= Beginning of Section =
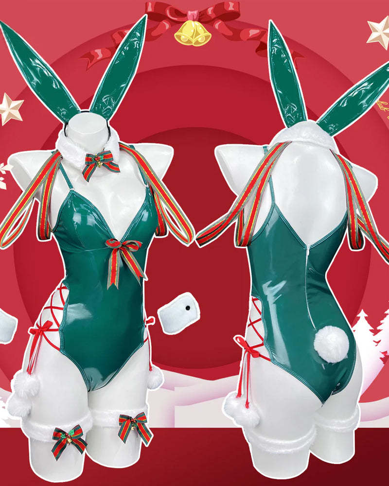 Unwrap a festive fantasy with this daring Christmas-themed bunny girl set. Crafted from sleek faux leather and accented with playful holiday details, this ensemble blends classic cosplay charm with provocative seasonal style. Designed to hug your curves, it’s the perfect outfit for spreading holiday cheer with confidence and allure.
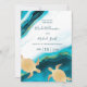 Dos tortugas doradas sobre un fondo verde azulado de tinta dorada. Elegante carta de invitación a la boda en la playa. Con los detalles y un escaneado código qr para el sitio web de su boda al revés.
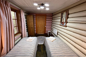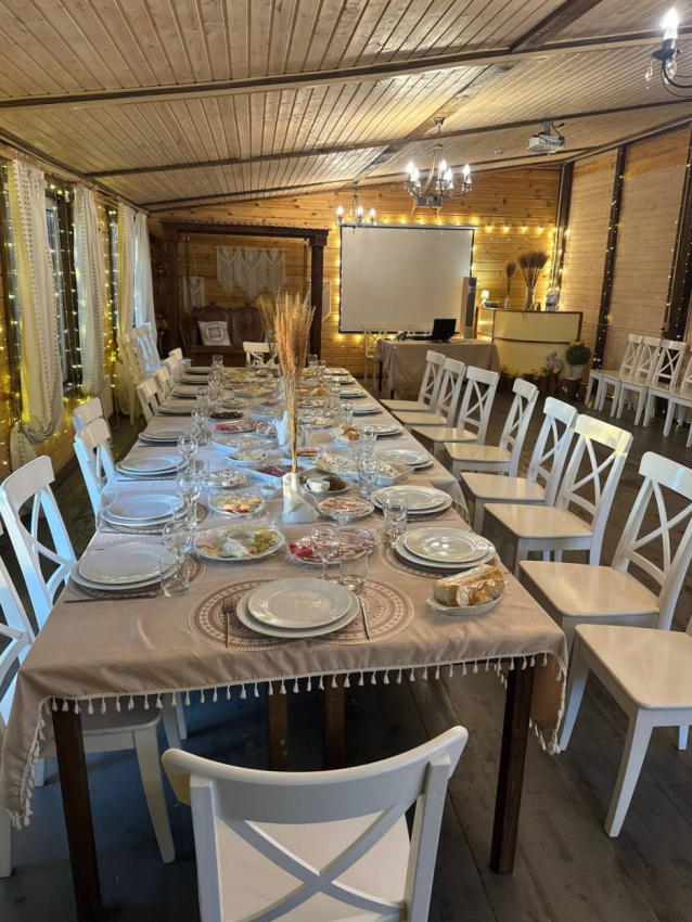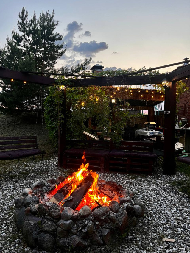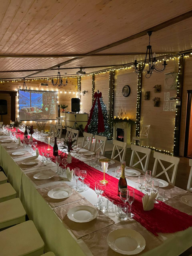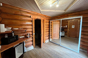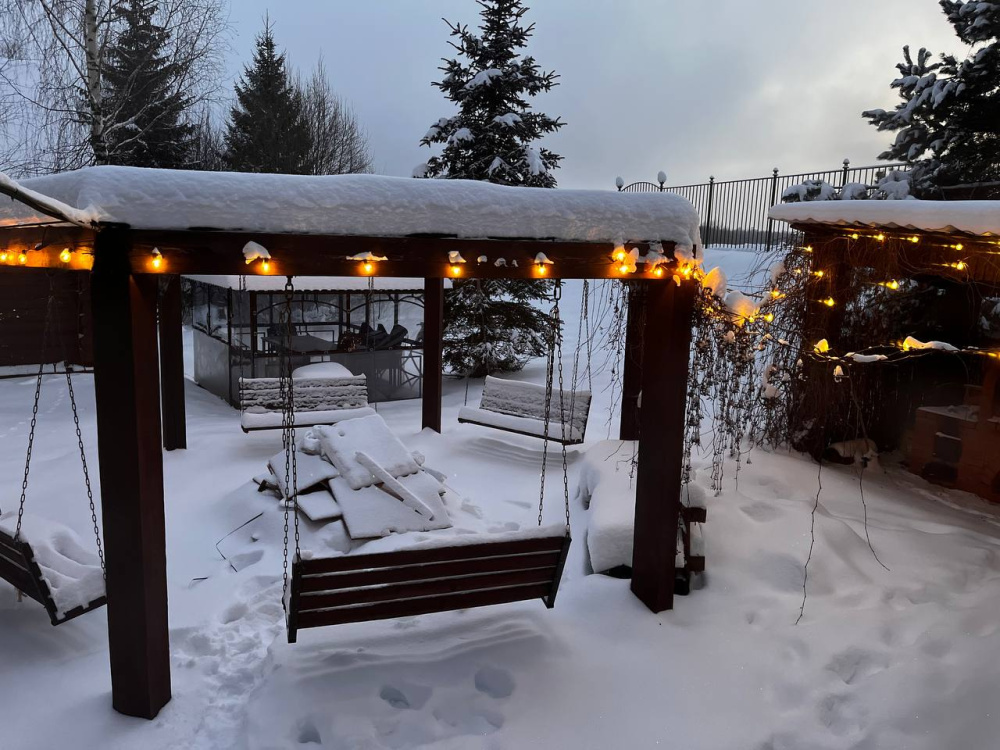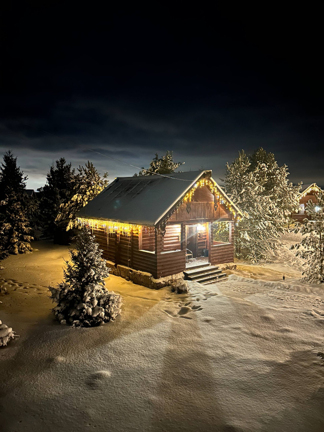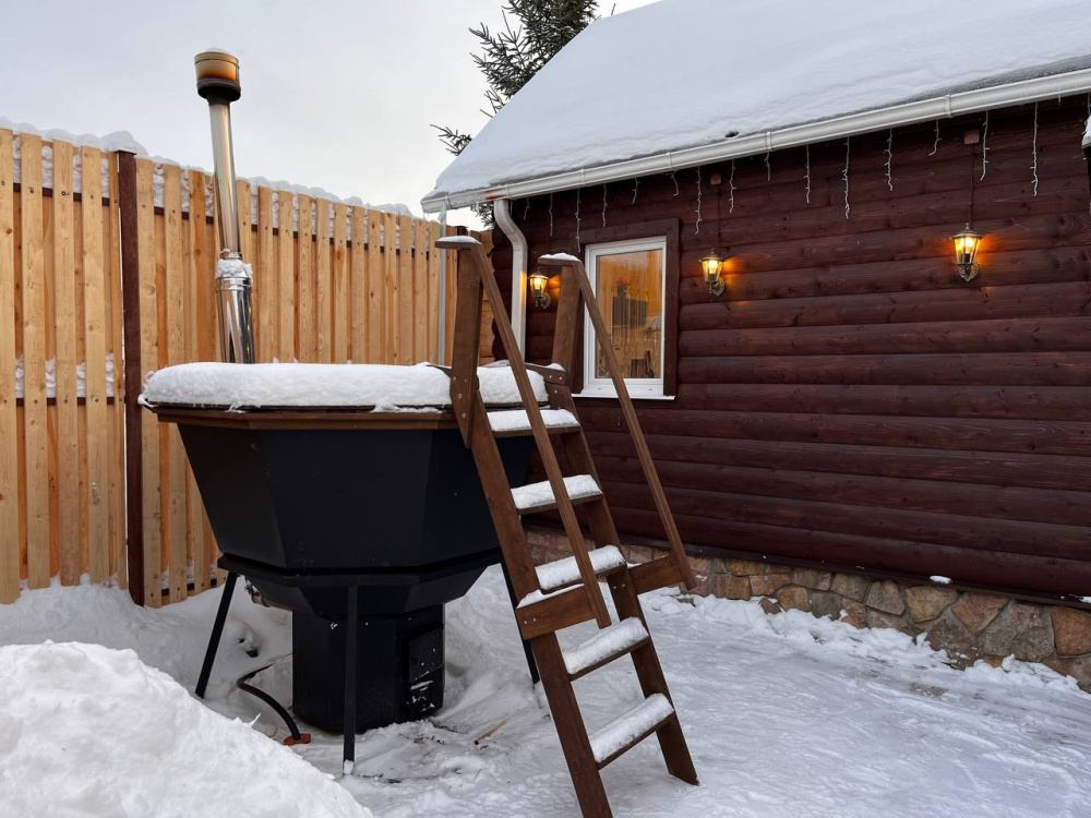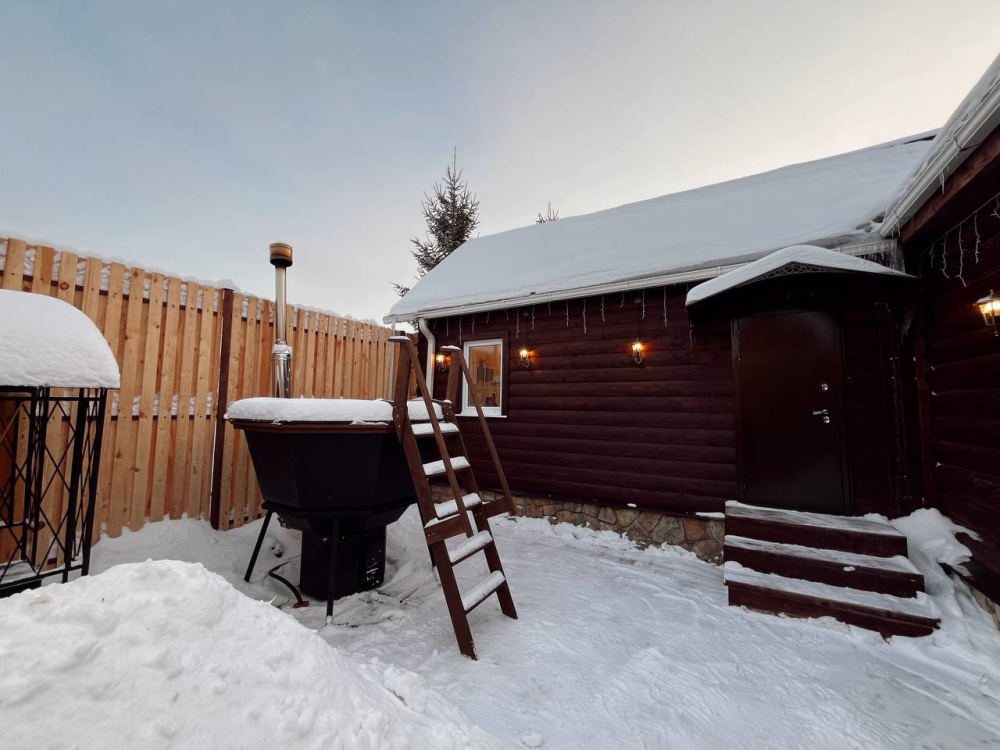 Отдельно по бане: баню брали большую, на 6 человек. Это сауна, без парилки. Красиво внутри, но бойлер маленький, помылись только 2 человека. И температура выше 62 не поднималась, хотя печник топил постоянно, и мы двери закрывали.. Надо что-то продумать с паклевкой или печь поменять. И самое главное - купель! Она прекрасна! Вода горячая, сидели в купели после баньки на морозе было просто супер! Но! Выход из купели и пробежка по ледяной дороге до бани… хозяева, попробуйте сами, и первое, что вы сделаете - дорожки!!! Простые резиновые или деревянные дорожки!!! Ноги примерзали реально, а обледеневшие деревянные ступеньки на крыльце… в общем, идея - супер, но вот в купель из-за этих вот минусов с дорогой обратно в баню сходили да 3 оплаченных часа только 1 раз. Но чай в бане, к слову, отменный!!! Из самовара, и выбор отличный, спасибо!!! Шапок бы ещё, а то у нас на всех одна была…
= End of Section =
WHAT THE EXERCISE ASKS> In full and without changes, repeat the listing above, but not its pictures.

YOUR SOLUTION>
 Unwrap a festive fantasy with this daring Christmas-themed bunny girl set. Crafted from sleek faux leather and accented with playful holiday details, this ensemble blends classic cosplay charm with provocative seasonal style. Designed to hug your curves, it’s the perfect outfit for spreading holiday cheer with confidence and allure.
 Dos tortugas doradas sobre un fondo verde azulado de tinta dorada. Elegante carta de invitación a la boda en la playa. Con los detalles y un escaneado código qr para el sitio web de su boda al revés.
 Отдельно по бане: баню брали большую, на 6 человек. Это сауна, без парилки. Красиво внутри, но бойлер маленький, помылись только 2 человека. И температура выше 62 не поднималась, хотя печник топил постоянно, и мы двери закрывали.. Надо что-то продумать с паклевкой или печь поменять. И самое главное - купель! Она прекрасна! Вода горячая, сидели в купели после баньки на морозе было просто супер! Но! Выход из купели и пробежка по ледяной дороге до бани… хозяева, попробуйте сами, и первое, что вы сделаете - дорожки!!! Простые резиновые или деревянные дорожки!!! Ноги примерзали реально, а обледеневшие деревянные ступеньки на крыльце… в общем, идея - супер, но вот в купель из-за этих вот минусов с дорогой обратно в баню сходили да 3 оплаченных часа только 1 раз. Но чай в бане, к слову, отменный!!! Из самовара, и выбор отличный, спасибо!!! Шапок бы ещё, а то у нас на всех одна была…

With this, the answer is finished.